DEVICE = torch.device('cuda' if torch.cuda.is_available() else 'cpu')
print(f"计算设备: {DEVICE}")

plt.rcParams['font.sans-serif'] = ['SimHei', 'DejaVu Sans']
plt.rcParams['axes.unicode_minus'] = False
plt.rcParams['figure.figsize'] = (10, 6)

---

## Part 5: 轨迹缓冲区实现

In [None]:
class RolloutBuffer:
    """
    On-Policy 轨迹缓冲区
    
    与 DQN 的经验回放不同:
    - 存储完整轨迹
    - 数据用后即弃 (on-policy 约束)
    - 计算 GAE 优势估计
    """
    
    def __init__(self, gamma: float = 0.99, gae_lambda: float = 0.95):
        self.gamma = gamma
        self.gae_lambda = gae_lambda
        self.reset()
    
    def reset(self):
        """清空缓冲区"""
        self.states = []
        self.actions = []
        self.log_probs = []
        self.rewards = []
        self.values = []
        self.dones = []
    
    def add(self, state, action, log_prob, reward, value, done):
        """添加单步数据"""
        self.states.append(state)
        self.actions.append(action)
        self.log_probs.append(log_prob)
        self.rewards.append(reward)
        self.values.append(value)
        self.dones.append(done)
    
    def __len__(self):
        return len(self.states)

In [None]:
def compute_gae(self, last_value: float) -> Tuple[torch.Tensor, torch.Tensor]:
    """
    计算广义优势估计 (GAE)
    
    递推公式:
        δ_t = r_t + γ(1-d_t)V(s_{t+1}) - V(s_t)
        Â_t = δ_t + γλ(1-d_t)Â_{t+1}
    
    Returns:
        (returns, advantages)
    """
    rewards = np.array(self.rewards)
    values = np.array(self.values)
    dones = np.array(self.dones)
    n_steps = len(rewards)
    
    # 添加最后价值用于 bootstrap
    values = np.append(values, last_value)
    
    # GAE 递推计算
    advantages = np.zeros(n_steps, dtype=np.float32)
    gae = 0.0
    
    for t in reversed(range(n_steps)):
        delta = rewards[t] + self.gamma * values[t + 1] * (1 - dones[t]) - values[t]
        gae = delta + self.gamma * self.gae_lambda * (1 - dones[t]) * gae
        advantages[t] = gae
    
    # 回报 = 优势 + 价值
    returns = advantages + values[:-1]
    
    return torch.FloatTensor(returns), torch.FloatTensor(advantages)

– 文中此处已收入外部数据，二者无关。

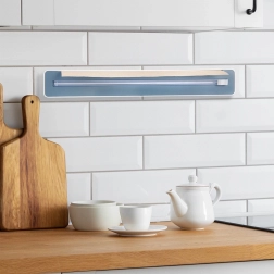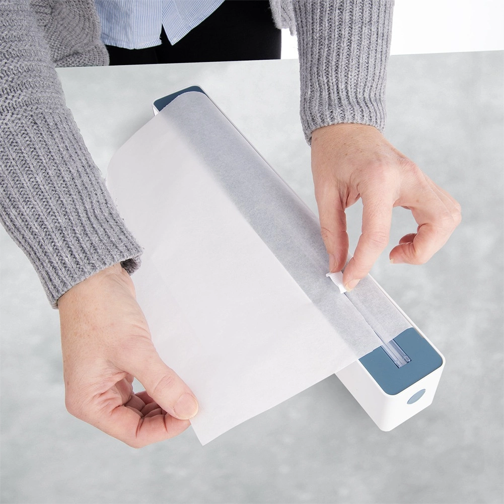 Udržte kuchyňu v dokonalom poriadku s elegantným dávkovačom, ktorý kombinuje rýchle odmeranie, čistý strih bez strapkania a pohodlné uloženie roliek. Integrovaná lišta s ostrým britom reže plynule a rovno, zatiaľ čo zarážky vo vnútri bránia posuvu rolky.
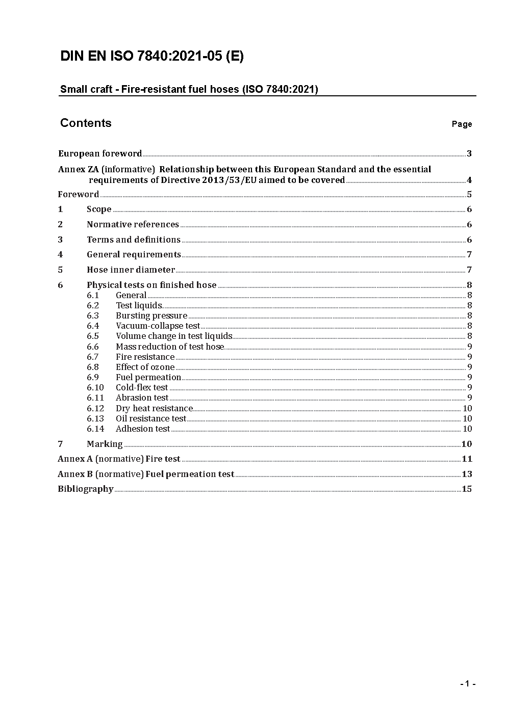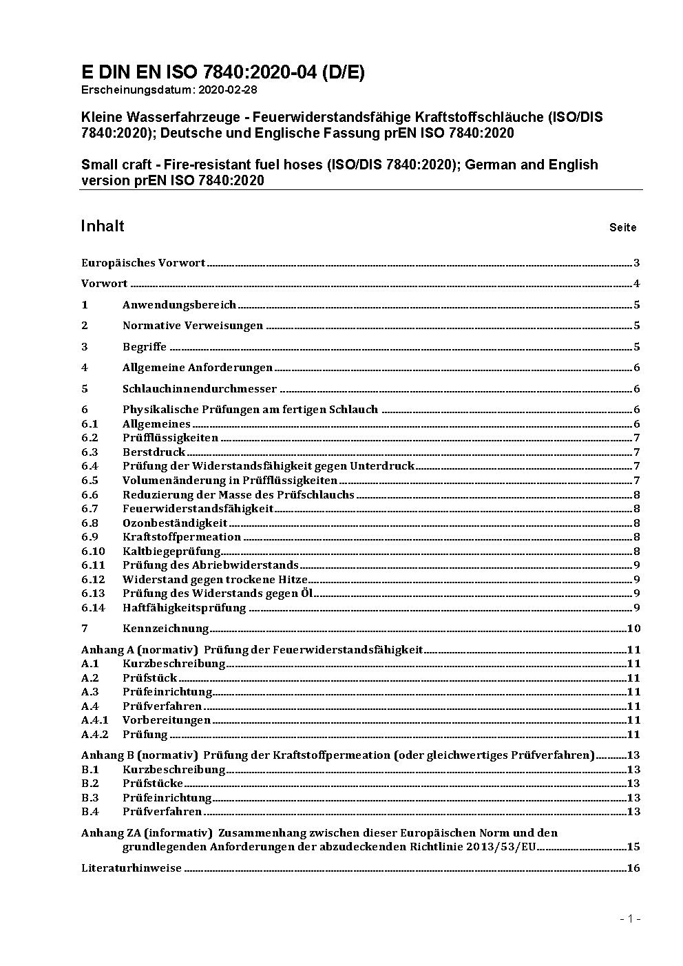 Small craft - Fire resistant fuel hoses (ISO 7840:2004); German version EN ISO 7840:2004
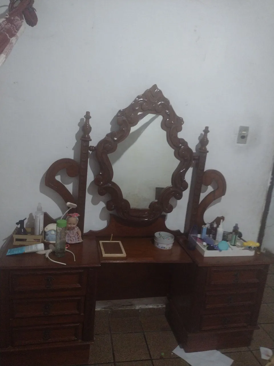 Linda penteadeira de madeira. . Design clássico e elegante
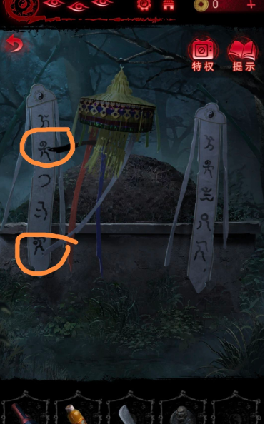 1、在之前的解密可以获得鱼幡,将鱼幡挂在坟头树枝的钩子上;
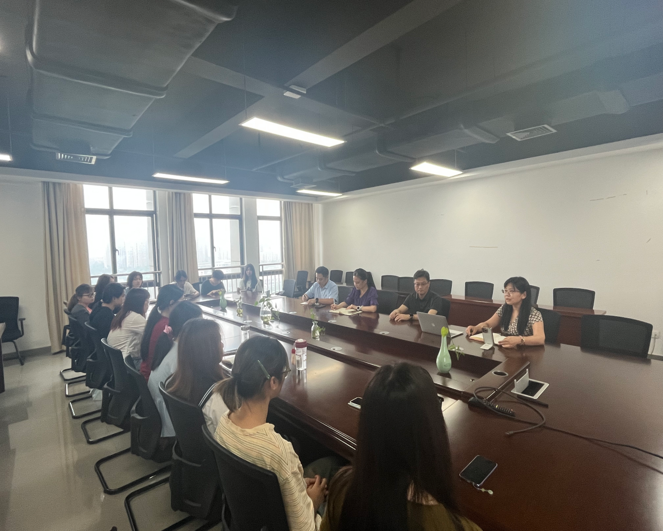 2025年6月26日上午,公司在科教楼A座1510教室召开了“2025年员工出国(境)学习“平安留学”行前教育培训会,公司党委书记刘晓峰、经理唐军,副经理肖薇、李康熙,印尼语专业教师王楠、13名2023级即将赴印尼交流学习的印尼语专业员工和1名宣城校区英语专业员工参加了此次培训会。会议由肖薇主持。
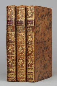 3 volumes in-12, veau blond marbré, dos lisses ornés, tranches rouges (Reliures de l’époque).

RolloutBuffer.compute_gae = compute_gae

In [None]:
# 测试 GAE 计算
buffer = RolloutBuffer(gamma=0.99, gae_lambda=0.95)
for i in range(10):
    buffer.add(
        state=np.random.randn(4),
        action=0,
        log_prob=-0.5,
        reward=1.0,
        value=0.5,
        done=(i == 9)
    )

returns, advantages = buffer.compute_gae(last_value=0.0)
print(f"缓冲区大小: {len(buffer)}")
print(f"回报形状: {returns.shape}")
print(f"优势形状: {advantages.shape}")

---

## Part 6: Actor-Critic 网络

In [None]:
class ActorCriticNetwork(nn.Module):
    """
    共享参数的 Actor-Critic 网络
    
    架构:
        State → 共享层 → Actor 头 → π(a|s)
                      → Critic 头 → V(s)
    """
    
    def __init__(self, state_dim: int, action_dim: int, hidden_dim: int = 256):
        super().__init__()
        
        # 共享特征层
        self.shared = nn.Sequential(
            nn.Linear(state_dim, hidden_dim),
            nn.Tanh(),
            nn.Linear(hidden_dim, hidden_dim),
            nn.Tanh()
        )
        
        # Actor 头 (策略)
        self.actor = nn.Linear(hidden_dim, action_dim)
        
        # Critic 头 (价值)
        self.critic = nn.Linear(hidden_dim, 1)
        
        self._init_weights()
    
    def _init_weights(self):
        for m in self.modules():
            if isinstance(m, nn.Linear):
                nn.init.orthogonal_(m.weight, gain=np.sqrt(2))
                nn.init.zeros_(m.bias)
        # Actor 输出用小增益
        nn.init.orthogonal_(self.actor.weight, gain=0.01)
    
    def forward(self, x: torch.Tensor) -> Tuple[torch.Tensor, torch.Tensor]:
        features = self.shared(x)
        action_logits = self.actor(features)
        value = self.critic(features)
        return action_logits, value

In [None]:
def get_action_and_value(self, state, action=None):
    """
    获取动作、对数概率、熵和价值
    
    用于:
    1. 动作选择 (action=None): 从 π 采样
    2. 计算对数概率 (action 给定): 计算 log π
    """
    logits, value = self(state)
    probs = F.softmax(logits, dim=-1)
    dist = Categorical(probs)
    
    if action is None:
        action = dist.sample()
    
    log_prob = dist.log_prob(action)
    entropy = dist.entropy()
    
    return action, log_prob, entropy, value.squeeze(-1)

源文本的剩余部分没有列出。